Hawkins v. State

136 Ind. 630 | Ind. | 1894

Howard, C. J.

This was a prosecution by affidavit and information, for the crime of rape.

The cause was submitted to a jury, who found a verdict against the appellant, assessing his punishment at imprisonment in the State prison for five years. There was judgment upon this verdict.

The errors assigned on this appeal are:

1. The overruling of the motion to quash the "indictment.”

2. The overruling of the motion for a-new trial.

3. The overruling of the motion in arrest of judgment.

As to the first alleged error, a reference to the record shows that there was no indictment, but an information. It also appears that the motion to quash was directed against the affidavit, and not against the information.

But, without considering whether there was here any *632proper assignment of error, it is evident that there was in fact no such error as that attempted to be assigned. The caption of the affidavit shows the venue to be in Perry county, in the State of Indiana; w'hile in the body of the affidavit it is charged that the offense was committed “at said county.”

This is a sufficient statement of the place where the offense was committed. Evarts v. State, 48 Ind. 422; Long v. State, 56 Ind. 133; Anderson v. State, 104 Ind. 467.

The affidavit further, as required by the statute, section 1679, R. S. 1881, sets forth “the offense and the person charged in plain and concise language. ” This, together with the names of the witnesses, completes the requirement of the statute, and was sufficient upon which to base the information.

While it is true, as provided in section 1731, R. S. 1881, that the indictment or information must contain the title of the action and the name of the court to which the indictment or information is presented; yet, in an affidavit, this is not necessary, and, under some circumstances, it would be improper. The affidavit may be taken before a notary public or other officer who may not try the case, and it is usually made before there is a suit pending, so that there is no title to give and no court to name. It is only necessary that it should appear that the affidavit was made for the purposes of the suit in which it is afterwards filed.

As to the objection made to the jurat of the officer, it is enough to say that “J. P.” was a sufficient indication of his office as justice of the peace. 1 Am. and Eng. Encyc. of Law, 15 and 310.

The arguments of counsel against the affidavit are such as might have force as against a defective indictment or information; but there is no question that the *633information in this case is good. We think the affidavit-also conforms to the statute.

Under the second assignment of error, it is objected that the court, in charging the jury, stated that the prosecuting witness was thirteen years old. The uncontradicted testimony, both of the prosecuting witness and of her mother, was that her age was thirteen. It was not, therefore, error in the court to assume this as true. Koerner v. State, 98 Ind. 7, and authorities there cited.
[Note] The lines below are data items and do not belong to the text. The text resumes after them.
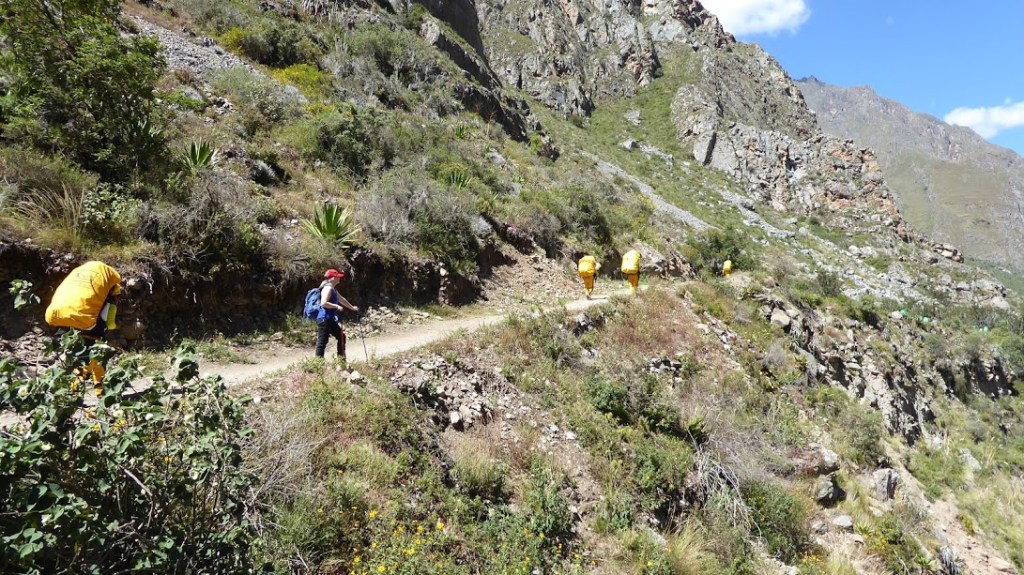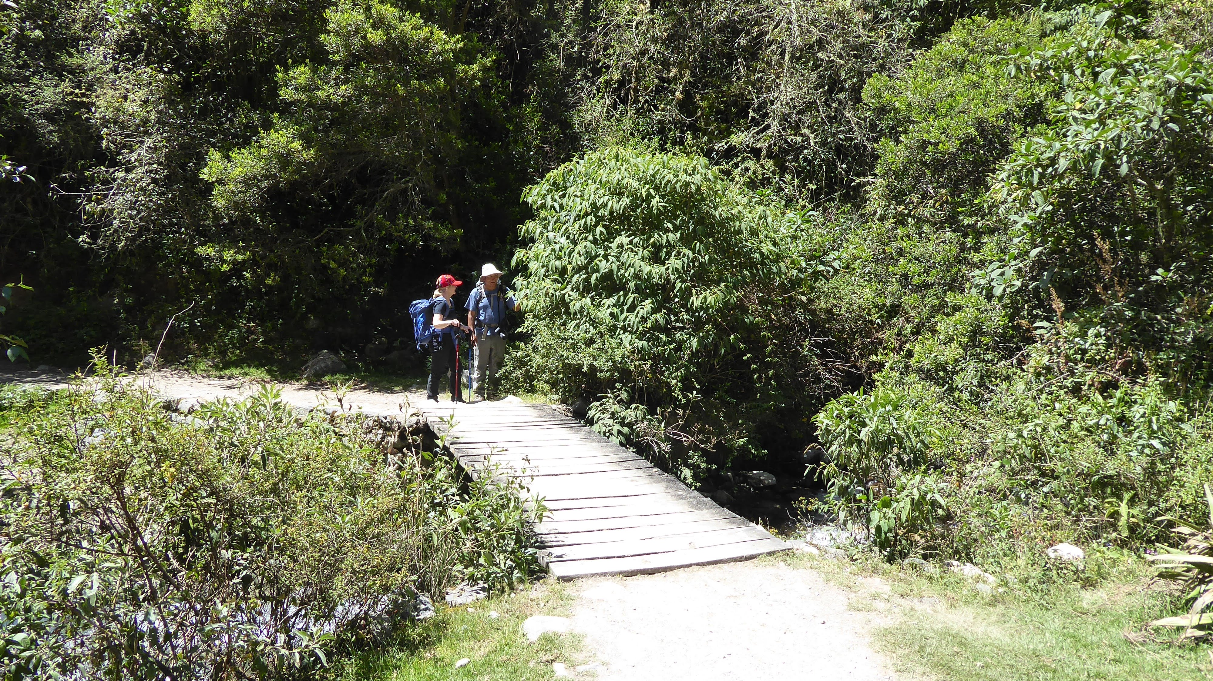 The guys finally wandered over to join me and imbibe the scenery and Alfredo noticed us and captured the above picture. I finally and reluctantly tore myself away from the view and went back to get ready for that day’s walk. I was feeling remarkably buoyant. The sun was beginning to show its’ cheery face and the damp of the night before was already a dim memory. Joints were limber from use and I felt like a spring rabbit as I bounced away from the camp and started down the steep steps towards the next ruins which were called Intipata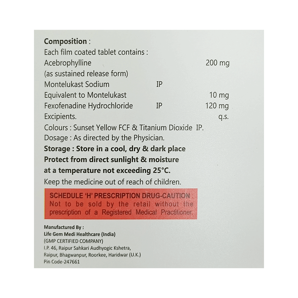 Salt Composition: Montelukast (10mg) + Fexofenadine (120mg) + Acebrophylline (200mg)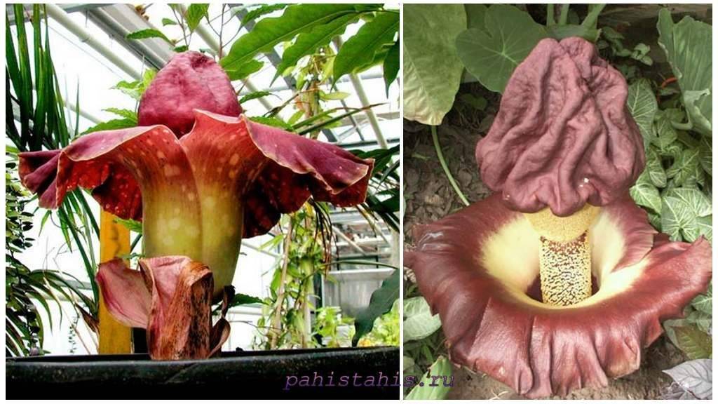 Лепесток 70-80 см длиной, зеленый снаружи, коричнево-пурпурный внутри. Растет в муссонных лесах острова Суматра. Это экзотическое растение гигантских размеров не встречается в комнатной культуре.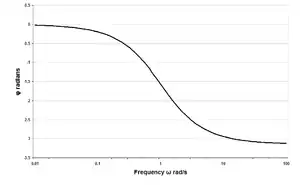 The prototype lattice filter shown here passes low frequencies without modification but phase shifts high frequencies. That is, it is phase correction for the high end of the band. At low frequencies the phase shift is 0° but as the frequency increases the phase shift approaches 180°. It can be seen qualitatively that this is so by replacing the inductors with open circuits and the capacitors with short circuits, which is what they become at high frequency. At high frequency the lattice filter is a cross-over network and will produce 180° phase shift. A 180° phase shift is the same as an inversion in the frequency domain, but is a delay in the time domain. At an angular frequency of ω = 1 rad/s the phase shift is exactly 90° and this is the midpoint of the filter's transfer function.
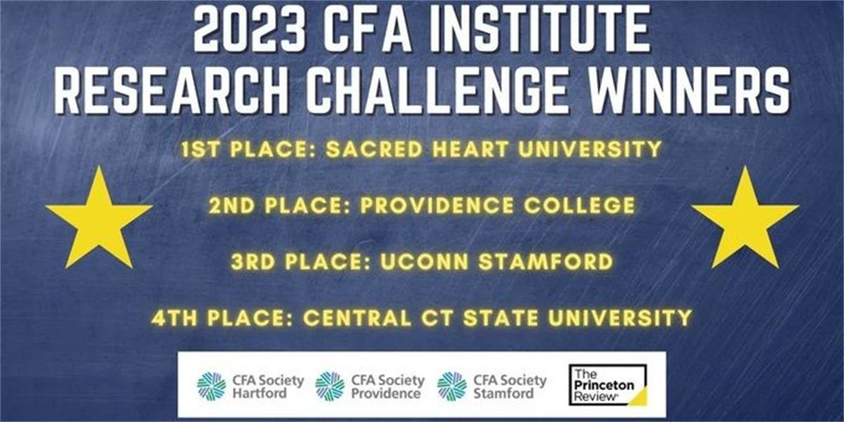 The CFA Society Hartford hosts a local competition as part of the annual CFA Institute Global Research Challenge (The Research Challenge) in association with the CFA Society Providence and the CFA Society Stamford. One team of three to five students per university is challenged to conduct an equity analysis of a public company, specified by the CFA Society Hartford. Each university may have up to two teams.

The evidence shows that the defendant was fifty-two years of age, and that he was the family physician of the prosecuting witness. 'On the morning of the day in question, the mother of the prosecuting witness came to the doctor’s office to wash and clean up the rooms, but being unwell, she returned home and sent her three children to do the work. These children consisted of the prosecuting witness and her brother and a younger sister. When they arrived at the office, they found the doctor in bed in one of the rooms. He sent the brother out after a bottle of whisky, and the’ younger sister after soap. The testimony of the prosecuting witness is that he then got up and locked the doors and took her, at first, upon his lap, and then to his bed, where he accomplished his purpose.

She testifies: ‘T told him to quit. He said he would not hurt me.” And, on cross-examination, she says: “I did not know what he was going to do with me.”
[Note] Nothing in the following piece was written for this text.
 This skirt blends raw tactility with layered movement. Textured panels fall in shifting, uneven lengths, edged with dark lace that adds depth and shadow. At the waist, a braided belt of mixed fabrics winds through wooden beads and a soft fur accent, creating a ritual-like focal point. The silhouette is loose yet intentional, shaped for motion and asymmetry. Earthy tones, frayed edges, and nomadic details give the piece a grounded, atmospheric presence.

Her brother testifies that when he returned with the whisky he found the door locked. He then went to the back door, and found that also locked. Afterwards the doctor let him in at the back door, and he saw his sister standing near the stove and crying. The doctor then went out and she told her brother what the doctor had done. On the return home of the children, the mother *634testifies as to finding evidence of the commission of the offense.

The appellant complains of the following statements in the charge of the court, bearing on the foregoing evidence: “On reaching a conclusion on the question of consent, you may take into consideration the condition, age and relations of the parties as they appear from the evidence. If you find that she was ignorant of the sexual act, you may consider this fact also.”
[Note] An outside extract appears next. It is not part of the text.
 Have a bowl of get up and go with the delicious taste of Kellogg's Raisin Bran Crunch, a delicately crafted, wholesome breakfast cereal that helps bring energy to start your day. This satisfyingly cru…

We see no error in these statements; they merely call the jury’s attention to evidence given. If appellant desired fuller instructions on the question of consent, he should have requested them. The truth is, that the three instructions given are most favorable to appellant, and drew the attention of the jury to every item of evidence in his favor, as well as to the law.

The appellant’s own evidence corroborates much of that given by the State: That he was the family physician of the family of the prosecuting witness; that her mother came in the morning to clean his office, and the children in the afternoon; that he sent the brother for the whisky, and the girl for the soap; that “the front door had caught some way,” but was not locked.

Counsel argue that the evidence fails to show resistance, and that, therefore, the crime of rape is not proved. The kind and degree of resistance that should be exerted in any given case must depend upon the circumstances surrounding it, and no rule can be laid down which shall apply to every case.

2 Bishop’s Crim. Law, section 1122, says: “Some of the cases, both old and modern, are quite too favorable to the ravishers of female virtue, and ought not to be followed, on this question of resistance. * * * The better judicial doctrine requires only that the case shall *635be one in which the woman ‘did not consent.’ Her resistance must not be mere pretense, but in good faith.”

Filed Feb. 15, 1894.

This girl was but a child, thirteen years, old; of so tender an age that, within seventeen days after the alleged occurrence, the Legislature amended our former law and declared that carnal knowledge of a female child, even one year older than she was, is rape.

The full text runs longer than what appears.